Perubahan sosial pada contoh di atas merupakan perubahan yang menyangkut struktur sosial dan pola-pola hubungan sosial. Perubahan itu mencangkup perubahan sistem status, hubungan-hubungannya dalam keluarga, sistem politik, kekuasaan, dan penyebaran penduduk.
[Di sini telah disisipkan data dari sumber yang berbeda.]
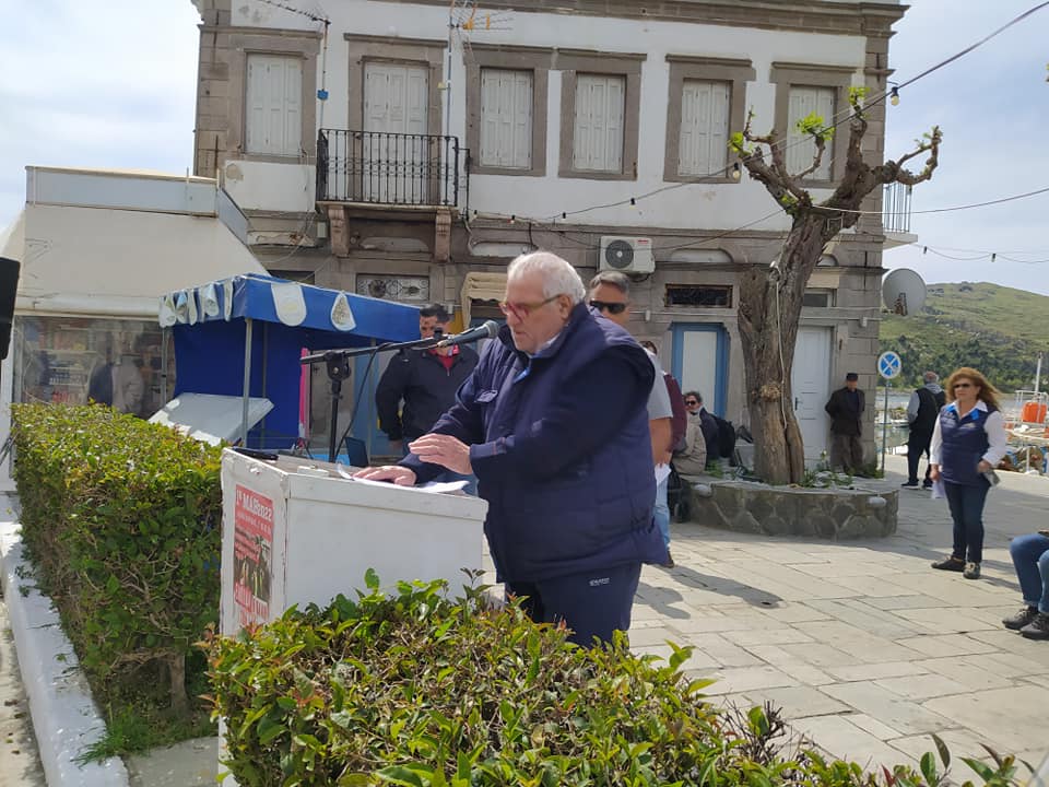 Την κεντρική ομιλία έκανε ο Απόστολος Αγαλιανός, μέλος του ΔΣ του Σωματείου Οικοδόμων Λήμνου, όπου, μεταξύ άλλων, εξέφρασε και την αλληλεγγύη των σωματείων του νησιού στους απεργούς λιμενεργάτες της COSCO, που, κόντρα στην εργοδοτική και κυβερνητική τρομοκρατία και αδιαλλαξία, συνεχίζουν τις αγωνιστικές κινητοποιήσεις για την υπογραφή Συλλογικής Σύμβασης Εργασίας με αυξήσεις, τη εφαρμογή των προσαυξήσεων για νυχτερινή εργασία και αργίες, την εφαρμογή των Βαρέων και Ανθυγιεινών Επαγγελμάτων επιτέλους στο λιμάνι, καθώς και τη προστασία της Υγείας και της Ασφάλειας των ζωών τους.
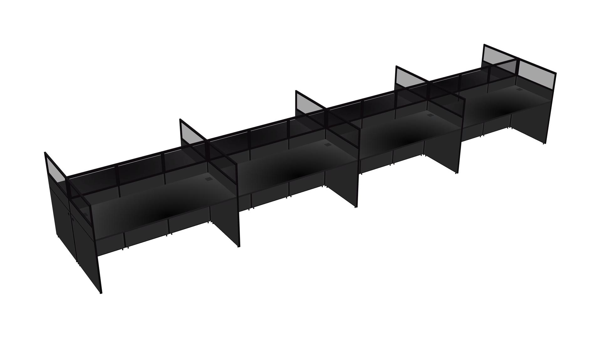Black Shared Rectangular Office Cubicle Panel System For 8 Persons
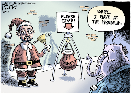 The White House and Senate continue to work frantically toward a deal to supply Ukraine before Congress recesses for Christmas. Supposedly, all leaders of Congress are united in their commitment to Ukraine—so the new speaker of the House, Mike Johnson, insists. Yet somehow this allegedly united commitment is not translating into action. Why not?The notional answer is that Republicans must have a border-security deal as the price for Ukraine aid. But who on earth sets a price that could stymie something they affirmatively want to do? Republicans have not conditioned their support for Social Security on getting a border deal. They would never say that tax cuts must wait until after the border is secure. Only Ukraine is treated as something to be bartered, as if at a county fair. How did that happen?

Banyak para ahli sosial yang meberikan arti atau makna perubahan sosial secara berbeda. Robert Morrisom Maciver, misalnya, berpendapat bahwa perubahan sosial adalah perubahan dalam bidang hubungan sosial atau perubahan terhadap keseimbangan dalam hubungan sosial tersebut. Hubungan sosial di sini dimaksudkan sebagai relasi antar individu dengan masyarakat maupun antar kelompok yang satu dengan kelompok sosial lainnya di dalam sebuah masyarakat. misalnya 20 tahun yang lalu masyarakat di desa A adalah petani. Hubungan antar anggota masyarakatnya bersifat kekeluargaan dan penuh semangat gotong royong. Namun desa A kini sudah berubah menjadi kawasan industri. Hubungan antar anggota masyarakat pun bersifat instrumental, artinya orang berhubungan dengan orang lain sejauh orang lain memberi dia keuntungan ekonomi. Maka disitu hubungan antar individu dengan masyarakat maupun kelompok sosial yang satu dengan yang lainnya mengalami perubahan. Tidak lagi kesetaraan dan keseimbanangan dalam hubungan sosial, karena perbedaan status ekonomi, kedudukan sosial, dan sebagainya. Inilah yang dimaksud dengan perubahan sosial menurut Maciver.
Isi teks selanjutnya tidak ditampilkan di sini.